Watykan - ważne decyzje
Za inne ważne w kontekście kościelnym wydarzenia ks. Andrzej Kobyliński uznał dwa rozstrzygnięcia Watykanu.
"Pierwsze to decyzje ws. kard. Henryka Gulbinowicza oskarżonego o molestowanie seksualne 16-latka. Jeszcze nigdy żaden polski kardynał nie został przez papieża potraktowany w taki sposób.
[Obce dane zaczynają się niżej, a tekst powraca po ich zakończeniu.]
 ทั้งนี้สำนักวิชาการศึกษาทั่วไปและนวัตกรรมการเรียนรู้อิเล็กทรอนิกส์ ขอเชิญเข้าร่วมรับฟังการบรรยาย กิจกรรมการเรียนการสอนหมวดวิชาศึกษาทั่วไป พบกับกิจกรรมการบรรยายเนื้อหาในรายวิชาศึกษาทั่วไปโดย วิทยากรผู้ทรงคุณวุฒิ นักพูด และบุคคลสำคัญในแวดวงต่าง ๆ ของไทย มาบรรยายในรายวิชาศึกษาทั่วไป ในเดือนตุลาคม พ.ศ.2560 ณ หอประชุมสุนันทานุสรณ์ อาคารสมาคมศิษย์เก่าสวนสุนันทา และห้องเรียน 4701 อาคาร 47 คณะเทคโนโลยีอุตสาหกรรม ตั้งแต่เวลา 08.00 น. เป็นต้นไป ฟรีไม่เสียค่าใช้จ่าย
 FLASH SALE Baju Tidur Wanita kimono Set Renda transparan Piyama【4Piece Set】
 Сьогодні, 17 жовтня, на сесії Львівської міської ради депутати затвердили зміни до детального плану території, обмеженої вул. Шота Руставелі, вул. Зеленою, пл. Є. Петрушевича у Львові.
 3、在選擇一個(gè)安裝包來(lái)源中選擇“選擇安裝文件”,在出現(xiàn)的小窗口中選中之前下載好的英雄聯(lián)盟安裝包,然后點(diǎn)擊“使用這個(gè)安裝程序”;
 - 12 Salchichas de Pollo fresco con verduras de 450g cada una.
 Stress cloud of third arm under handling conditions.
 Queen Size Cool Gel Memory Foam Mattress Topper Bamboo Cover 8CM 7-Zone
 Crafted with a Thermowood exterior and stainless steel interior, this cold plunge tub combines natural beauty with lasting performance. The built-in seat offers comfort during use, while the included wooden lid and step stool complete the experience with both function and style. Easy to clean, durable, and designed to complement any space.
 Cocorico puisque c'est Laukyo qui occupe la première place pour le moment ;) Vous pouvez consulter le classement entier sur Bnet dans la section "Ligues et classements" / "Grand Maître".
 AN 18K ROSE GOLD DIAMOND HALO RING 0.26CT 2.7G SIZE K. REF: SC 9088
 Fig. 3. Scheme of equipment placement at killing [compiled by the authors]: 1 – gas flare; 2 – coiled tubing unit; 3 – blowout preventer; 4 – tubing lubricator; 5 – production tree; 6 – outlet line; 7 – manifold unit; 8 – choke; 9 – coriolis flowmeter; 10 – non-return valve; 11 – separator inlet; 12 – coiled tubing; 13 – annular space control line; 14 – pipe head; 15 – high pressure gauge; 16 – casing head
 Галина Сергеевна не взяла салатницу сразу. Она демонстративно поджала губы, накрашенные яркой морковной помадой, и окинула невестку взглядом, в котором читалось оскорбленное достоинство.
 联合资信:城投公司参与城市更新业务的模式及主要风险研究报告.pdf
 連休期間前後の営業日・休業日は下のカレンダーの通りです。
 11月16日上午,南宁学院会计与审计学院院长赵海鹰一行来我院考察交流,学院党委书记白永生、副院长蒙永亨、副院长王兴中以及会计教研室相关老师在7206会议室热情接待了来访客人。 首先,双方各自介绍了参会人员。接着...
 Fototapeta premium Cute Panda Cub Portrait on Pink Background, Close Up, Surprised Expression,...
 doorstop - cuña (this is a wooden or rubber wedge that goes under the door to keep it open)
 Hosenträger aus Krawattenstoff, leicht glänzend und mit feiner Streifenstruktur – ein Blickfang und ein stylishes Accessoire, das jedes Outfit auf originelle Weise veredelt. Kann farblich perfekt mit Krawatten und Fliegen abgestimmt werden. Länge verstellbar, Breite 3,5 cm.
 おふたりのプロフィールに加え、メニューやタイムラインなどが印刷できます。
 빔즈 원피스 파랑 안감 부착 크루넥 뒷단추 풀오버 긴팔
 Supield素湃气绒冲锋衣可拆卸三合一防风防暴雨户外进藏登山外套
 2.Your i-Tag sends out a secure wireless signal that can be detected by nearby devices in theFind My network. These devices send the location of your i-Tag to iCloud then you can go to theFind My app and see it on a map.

Zakaz pochówku kardynała i biskupa w 'jego' katedrze to wymowna kara - może dla ludzi spoza Kościoła nie wydaje się ona bardzo dotkliwa, ale w Kościele ma wymiar niezwykle mocny i symboliczny" - wyjaśnił ks. Kobyliński.
"Podobne jest znaczenie drugiej watykańskiej decyzji: zamknięcia seminarium w Kaliszu. To także nie miało precedensu w naszym kraju" - dodał.
Ksiądz podkreślił, że mijający rok był naznaczony aferami seksualnymi z udziałem hierarchów. "Rok 2020 to eskalacja skandali obyczajowych w Kościele katolickim w Polsce. W Watykanie trwają postępowania wobec ważnych polskich duchownych, m.in. abp. Głódzia, bp. Janiaka, bp. Szkodonia. Media nigdy wcześniej nie informowały z taką intensywnością o tych problemach. Nie chodzi tu tylko o drugi film braci Sekielskich czy reportaż 'Don Stanislao'. Mamy cały szereg programów telewizyjnych i radiowych na ten temat, a internet aż huczy od komentarzy"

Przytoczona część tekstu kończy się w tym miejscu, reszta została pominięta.